### Data excerpt:
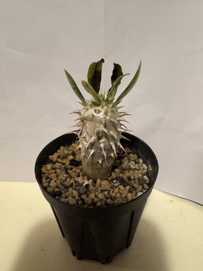 とげとげしいですが可愛いこの植物は「パキポディウム」というマダガスカル原産の多肉植物でグラキリスという人気のある種らしいです。
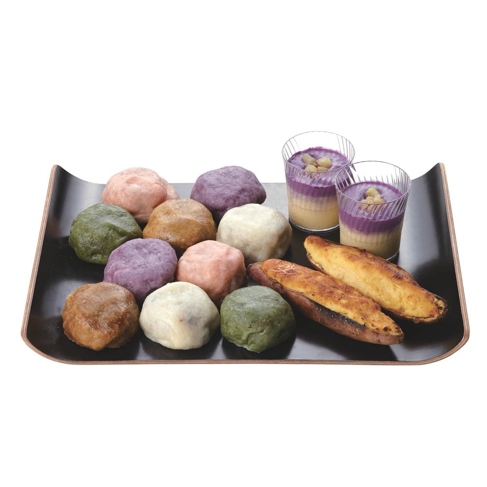 ■内容量:焼芋ぷりん120ml×2個、スイートポテト90g×2個、いきなり団子80g×10個(プレーン、紫いも、よもぎ、黒糖、さくら各2個)
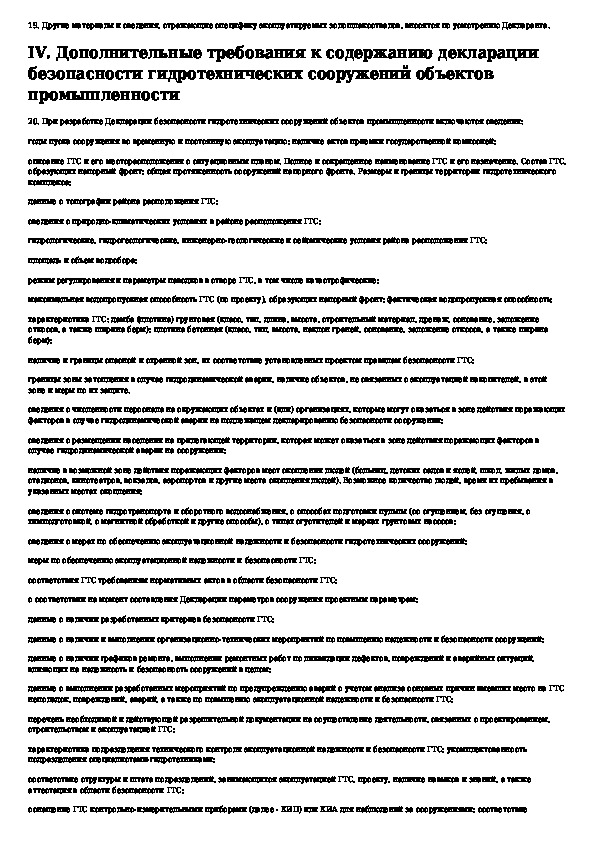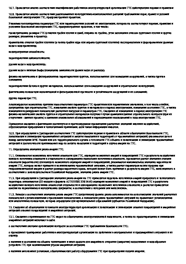 Дополнительные требования к содержанию деклараций безопасности гидротехнических сооружений и методика их составления, учитываю

### Your instructions:
Return the complete data unchanged and include none of the pictures.

### Task solution:
 とげとげしいですが可愛いこの植物は「パキポディウム」というマダガスカル原産の多肉植物でグラキリスという人気のある種らしいです。
 ■内容量:焼芋ぷりん120ml×2個、スイートポテト90g×2個、いきなり団子80g×10個(プレーン、紫いも、よもぎ、黒糖、さくら各2個)
 Дополнительные требования к содержанию деклараций безопасности гидротехнических сооружений и методика их составления, учитываю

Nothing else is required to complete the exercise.